Уже в коридоре полицейского управления Плихта вспомнил еще один расход.

— Господин Голуб, я этой барышне подарил флакон духов. Заприходуйте мне, пожалуйста, еще двадцать крон.

Затем он тщательно высморкался и безмятежно проследовал в кутузуку.

Коллекция марок

Перевод А. Косорукова

— Да, это, конечно, святая правда, — сказал старый пан Карас. — Как покопаешься в своем прошлом, так и поймешь, что в нем достаточно материала для совсем других жизней. Однажды… по ошибке или по склонности… ты выбираешь одну из них и ведешь ее до конца; но хуже всего, что те, другие, те возможные жизни не совсем отошли в небытие. И порой случается, что ты ощущаешь в них боль, как в отнятой ноге.

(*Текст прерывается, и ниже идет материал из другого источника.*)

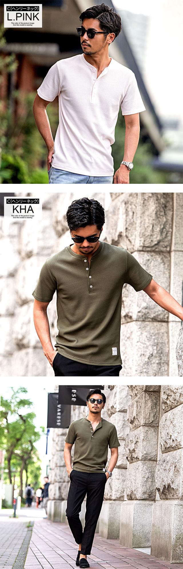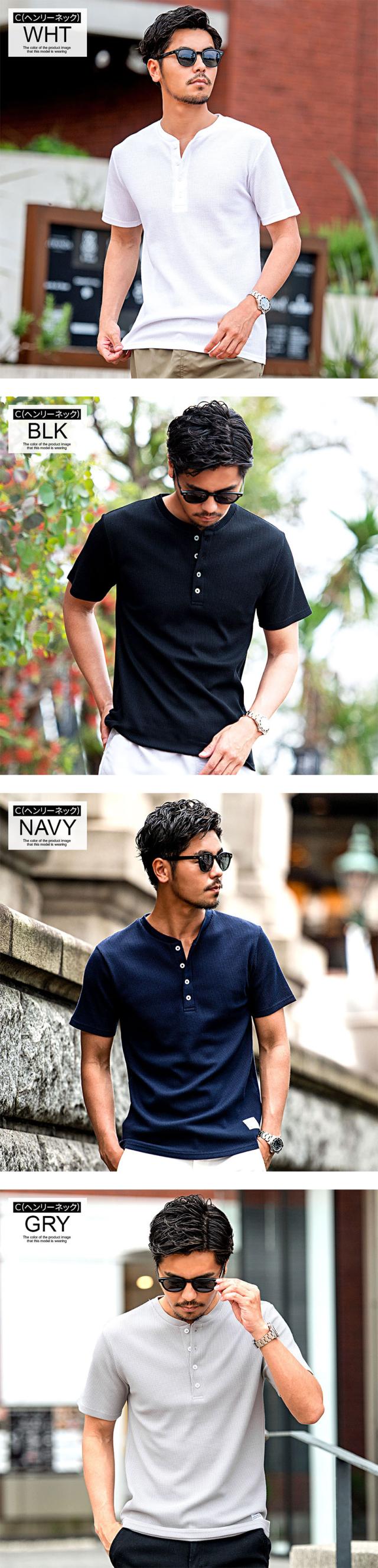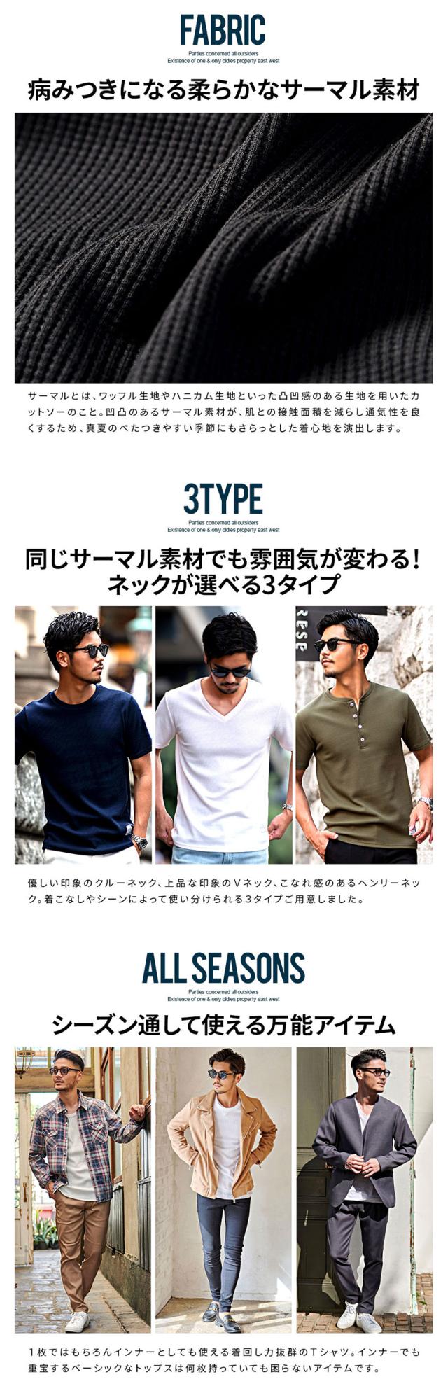 送料無料 Tシャツ メンズ 半袖 トップス インナー カットソー サーマル ワッフル クルーネック Vネック ヘンリーネック 無地 シンプル ブラック ホワイト 黒 白 M L XL BITTER系 ビター系 CavariA キャバリア 春 夏 即日発送 ゆうパケット1配送について

Когда мне было лет десять, я начал коллекционировать марки; папе это не нравилось, он думал, что я из-за этого буду плохо учиться; но у меня был товарищ Лойзик Чепелка, с которым мы и предавались филателистической страсти. Лойзик был сыном шарманщика, такой взъерошенный, как воробей, вихрастый и веснушчатый мальчишка, и я любил его, как только дети умеют любить товарища. Знаете, я старый человек, у меня были жена и дети, и я скажу вам — никакое чувство не бывает столь прекрасным, как дружба. Но на это человек способен лишь в молодости; позже он как-то черствеет и думает больше о себе. Такая дружба рождается от чистейшего восторга и восхищения, от избытка жизненных сил, богатства и безмерности чувства; в тебе его столько, что ты должен кому-нибудь его подарить. Мой отец был нотариус, глава местной знати, весьма почтенный и строгий господин; а я всем сердцем привязался к Лойзику, чей отец был пьяным шарманщиком, а мать — забитой прачкой, и этого Лойзу я почитал как святого, преклонялся перед ним за то, что он более ловок, чем я, что он удачливый, самостоятельный и выносливый, что нос у него в веснушках и что он мог бросать камни левой рукой, — в общем, не помню, как много всего я в нем любил; бесспорно, это была самая большая любовь моей жизни.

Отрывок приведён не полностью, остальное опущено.